From SAS 9.2.3 online help and example of using an input set of p-values

The MULTTEST Procedure

Example 58.5 Inputting Raw p-Values

data a;

input Test$ Raw_P @@;

datalines;

test01 0.28282 test02 0.30688 test03 0.71022

test04 0.77175 test05 0.78180 test06 0.88581

test07 0.54685 test08 0.84978 test09 0.24228

test10 0.58977 test11 0.03498 test12 0.41607

test13 0.31631 test14 0.05254 test15 0.45061

test16 0.75758 test17 0.12496 test18 0.49485

test19 0.21572 test20 0.50505 test21 0.94372

test22 0.81260 test23 0.77596 test24 0.36889

;

proc multtest inpvalues=a holm hoc fdr;

run;

MajaFerencakovic · Posted 12-17-2013 04:41 PM

Thanks!

I am aware of this one but this actually produce one new value for each raw_p. Maybe I am wrong but isn't it that stouffer should produce one new p from multiple p? In my case I would like to get new p from raw_pa, raw_pb and raw_pc for every test I have.

Like in formula Z=sum(z(pi)/sqrt k) where Z is thr the standard normal variable under h0, z(pi) is the p value from test i transformed to z and k is number of tests.
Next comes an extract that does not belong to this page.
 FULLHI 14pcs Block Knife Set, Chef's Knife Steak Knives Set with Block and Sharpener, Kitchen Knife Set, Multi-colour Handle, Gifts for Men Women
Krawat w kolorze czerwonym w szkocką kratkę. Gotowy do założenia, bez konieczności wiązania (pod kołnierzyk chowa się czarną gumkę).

Truth is that I could do this by hand but then I noticed this option stouffer and hoped to write in the paper used this from SAS instead of formula 😉

SteveDenham · Posted 12-18-2013 01:14 PM

Try:

proc multtest data=yourdata stouffer;

by testidno;

run;

This assumes that what you have as test1, test2, etc. is kept in the variable testidno, and that the dataset is sorted by testidno.

Steve Denham

MajaFerencakovic · Posted 12-19-2013 07:15 AM

Thanks Steve!

it looks like I am doing something wrong... I got response ERROR: No base test has been assigned, and ERROR: No class statement.
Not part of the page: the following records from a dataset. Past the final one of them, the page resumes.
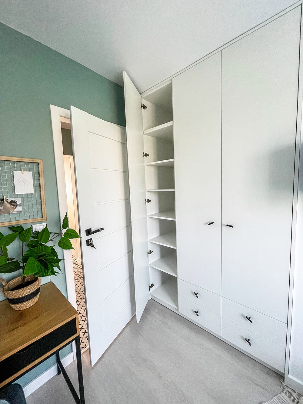 W jednym pokoju wielka szafa, w drugim mała szafka, albo jej brak - to bolączka wielu mieszkań. W naszej stancji zaprojektowaliśmy dużo szaf i szafek w pokojach, częściach wspólnych oraz przede wszystkim: dużo szafek w łazience. W kuchni miejsca też jest aż nadto!
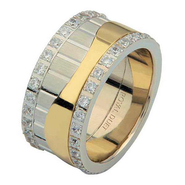18 kt two-tone gold, comfort fit, 10.2 mm wide, diamond eternity ring. The band has a beautiful composition of white and yellow gold with diamonds accenting each side fo the ring. It has about 1.05 ct two round brilliant cut diamonds, that are VS1-2 in clarity and G-H in color. Diamond total weight may vary depending on the size of the ring.
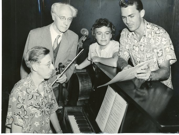 Donald Wiley sits at piano as (l-r) Hugo Kortschak, Belle Shalit, and music school director John Kelly, Jr. plan a benefit concert at First Methodist Church, March 13, 1953.
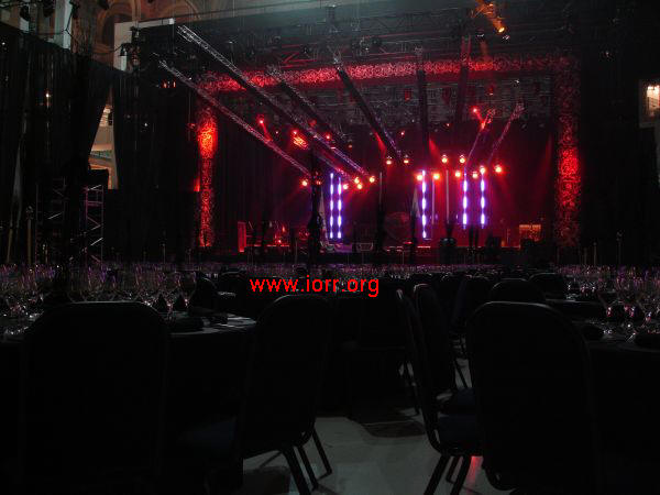 As the dinner was finishing close to 11pm, the guests were told to leave their seats, some tables were moved slightly away from the stage, black curtains were dropped to hide the tables, and this was now soon to become a rock show for some 700 bank people that were lucky to be connected the right way for this arrangement.

So I actually wonder am I trying to do what I actually don't understand. I have three p values from three cattle breeds and I would like to combine them. Is this method good one?

data_null__ · Posted 12-19-2013 07:36 AM

did you use PROC MULTTEST statement option INPVALUES.
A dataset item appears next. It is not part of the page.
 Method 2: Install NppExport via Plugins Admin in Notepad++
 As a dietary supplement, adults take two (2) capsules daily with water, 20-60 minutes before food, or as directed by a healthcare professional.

INPVALUES=SAS-data-set names an input SAS data set that includes a variable containing raw p-values. The MULTTEST procedure adjusts the collection of raw p-values for multiplicity. Resampling-based adjustments are not permitted with this type of data input. The CLASS, CONTRAST, FREQ, STRATA, and TEST statements are ignored when an INPVALUES= data set is specified. The INPVALUES= and DATA= options cannot both be specified. The pvalue-name enables you to specify the name of the p-value column from your data set. By default, pvalue-name=’raw_p’. The INPVALUES= data set can contain variables in addition to the raw p-values variable; see Example 60.5 for an example.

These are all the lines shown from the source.